Ziel ist es, den Mathematikunterricht interaktiver, dynamischer und schülerzentrierter zu gestalten.

Inhalt:

Die Integration spielerischer Elemente in die Lernprozesse der Schülerinnen und Schüler steigert deren Motivation und das Engagement erheblich.
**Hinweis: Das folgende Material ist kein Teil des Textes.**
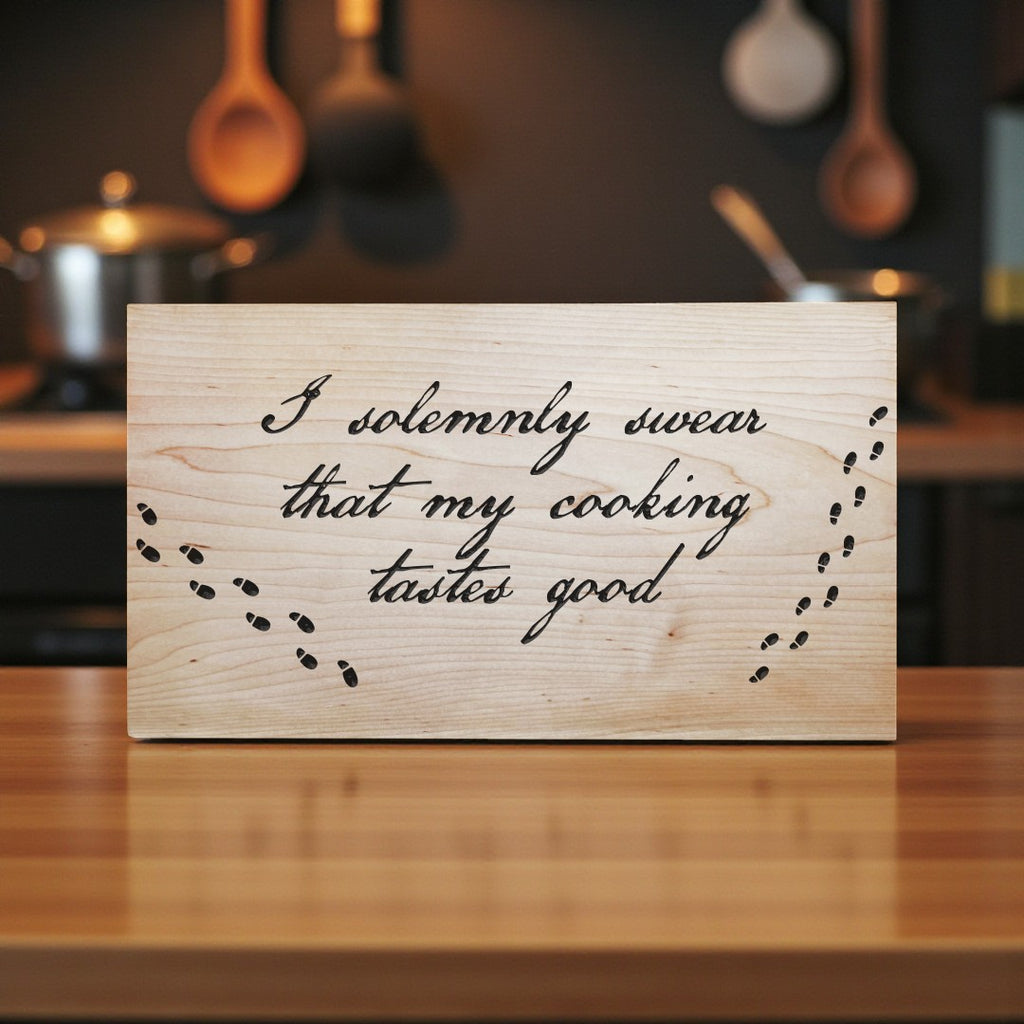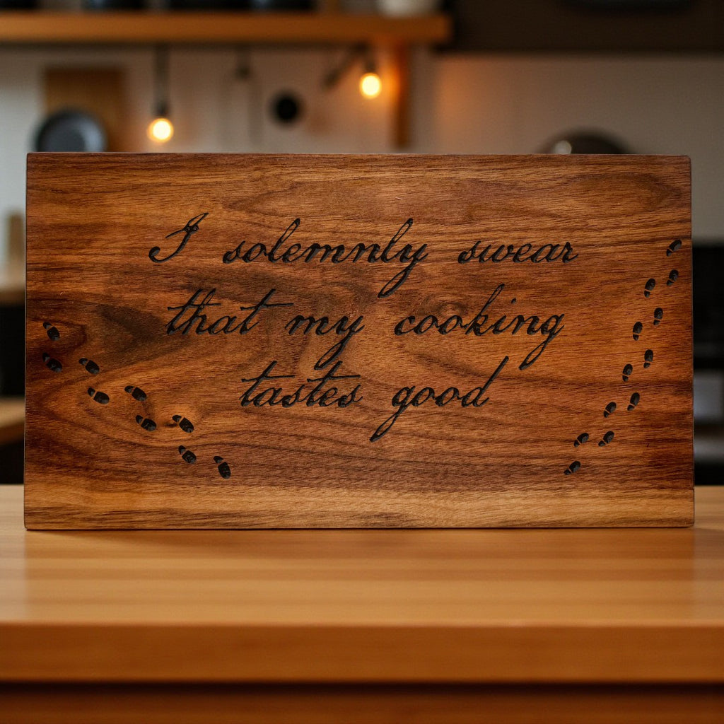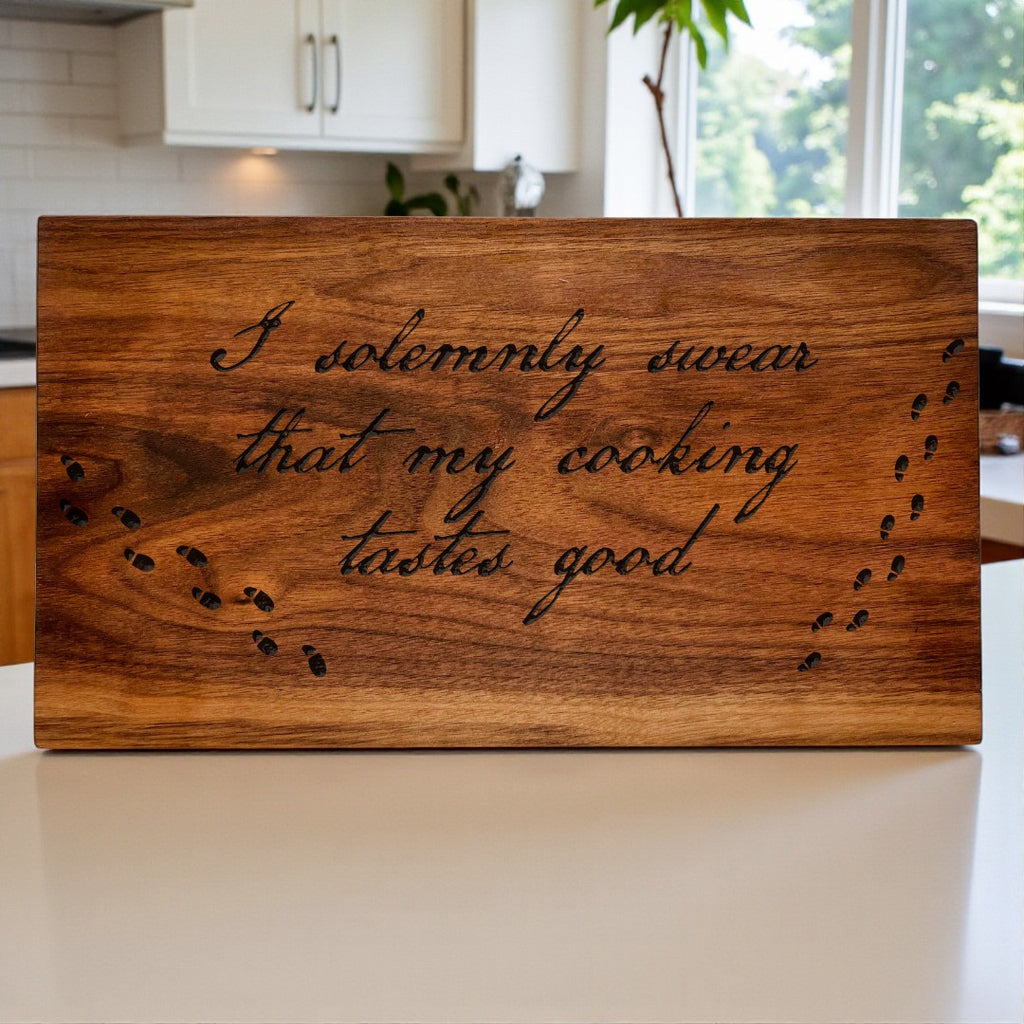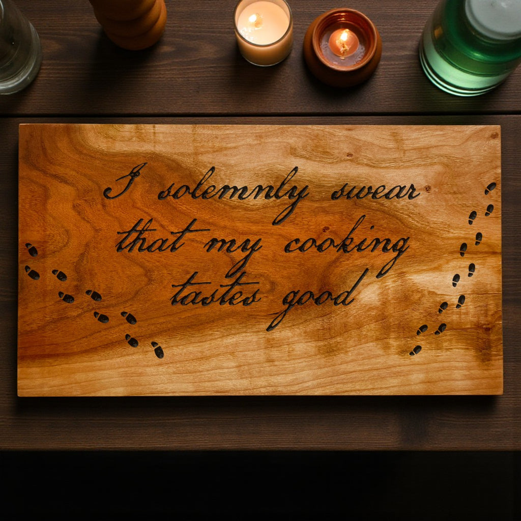Step into the spellbinding world of culinary creativity with A Cutting Board for Your House – a whimsical tribute to the kitchen wizards among us. Featuring the engraved phrase "I solemnly swear that my cooking tastes good," this board adds a playful touch of magic to every meal you conjure.
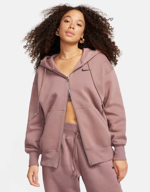 Nike - Uniseks fleece hoodie met mini-swoosh en rits in paars
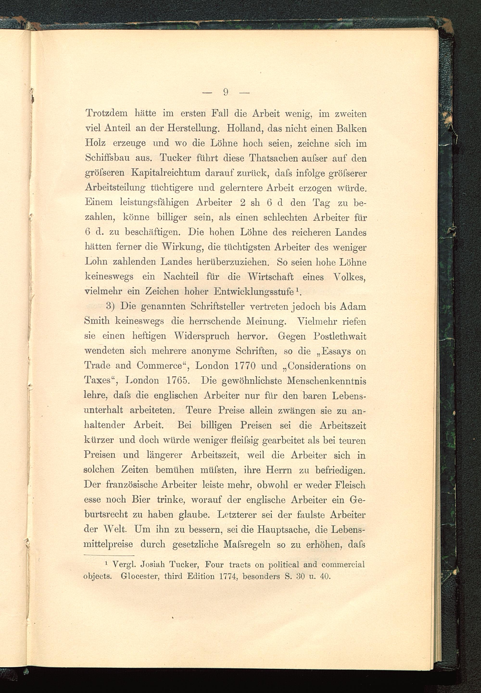 1 Vergl. Josiah Tucker, Four tracts on political and commercialobjects. Glocester, third Edition 1774, besonders S. 30 u. 40.
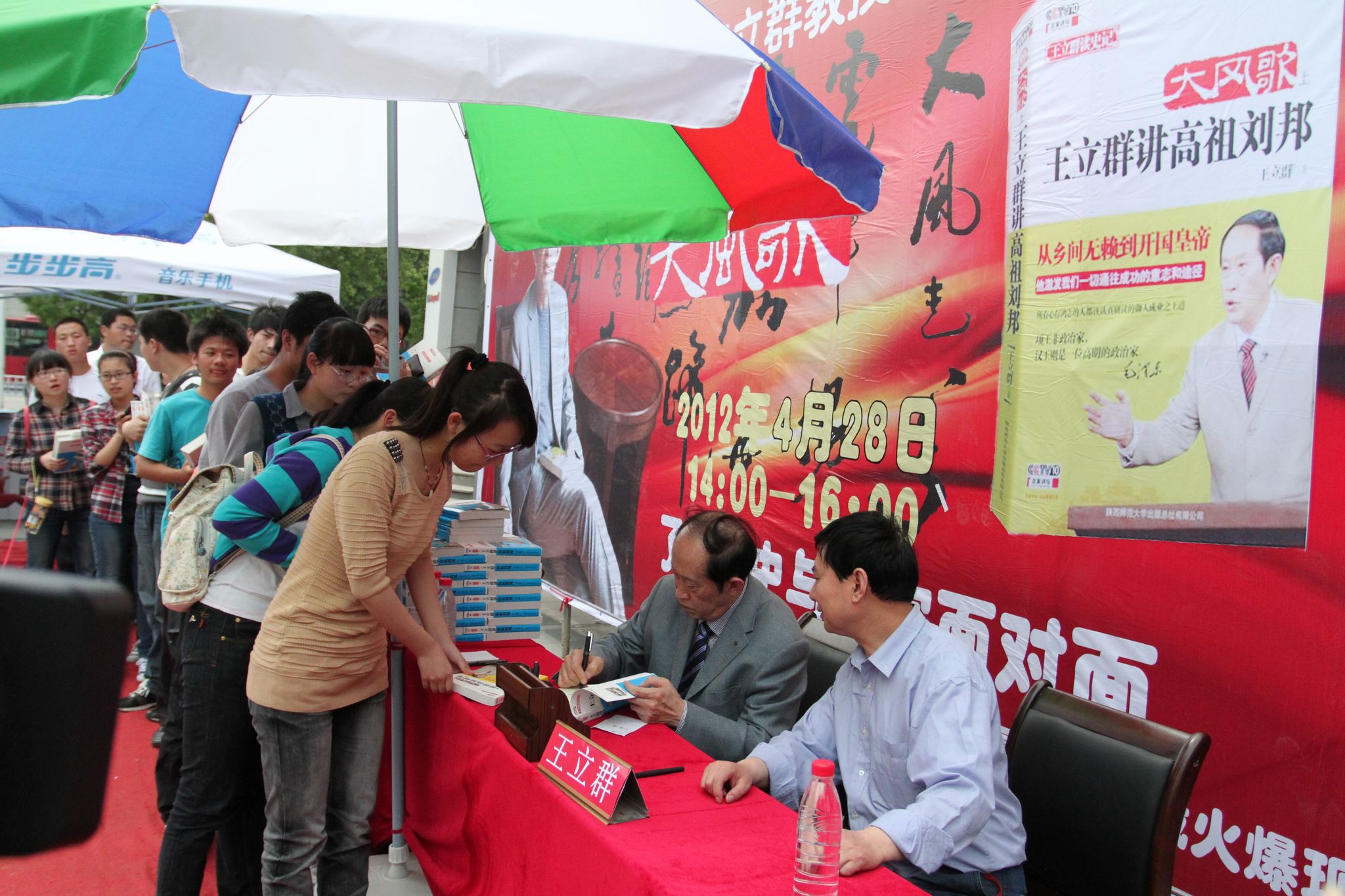 4月28日,央視《百家講壇》金牌主講人、河南大學(xué)文學(xué)院教授王立群攜其新作《大風(fēng)歌》來(lái)到駐馬店市店天中書城與廣大讀者見面交流,并為其新作簽售。

Neben theoretischen Grundlagen stehen praxisnahe Beispiele, digitale sowie analoge Tools und die Entwicklung eigener Spielkonzepte im Mittelpunkt.

Bezüge:

Referenzrahmen Schulqualität:
• Stärkung der Motivation und Eigenverantwortung der Lernenden durch interaktive Elemente.
• Unterstützung selbstregulierten und kollaborativen Lernens.
• Entwicklung mediengestützter Unterrichtskonzepte.
• Austausch bewährter Praktiken und Reflexion über den didaktischen Mehrwert von Gamification-Methoden.
Digitalen Schlüsselkompetenzen:
• Kritische und reflektierte Nutzung digitaler Gamification-Tools zur Förderung mathematischer Kompetenzen.
• Sensibilisierung für die didaktische Einbettung von digitalen Lernplattformen und spielerischen Ansätzen.

Organisatorischer Rahmen:

Tag 01 Videokonferenz
• Kennenlernen, Austausch zu Vorerfahrungen
• Ein erster digitaler Lernweg
Tag 02 Präsenz
• Etwas theoretischer Hintergrund
• Vorstellung und kennenlernen von digitalen, analogen und gemischten EduBreakouts
• Nützliche Tools zum Erstellen von Materialien
• Spezielle Tools: Twine, MathCityMap
• Beispiel für einen Escape-Room in der Schule
• Lernpfade
Tag 03 Präsenz
• Erstellung von EduBreakouts, Gestaltung von Escape-Rooms oder Lernpfaden zum direkten Einsatz im Unterricht.
Tag 04 Videokonferenz
• Erfahrungsaustausch über bereits eingesetzte spielerische Methoden.
• Austausch von Materialien

Spezielle Hinweise:

Die Teilnehmerinnen und Teilnehmer werden gebeten, ein digitales Endgerät (Tablet oder Laptop) mitzubringen. Die Nutzung von dienstlich zur Verfügung gestellten digitalen Endgeräten wird empfohlen.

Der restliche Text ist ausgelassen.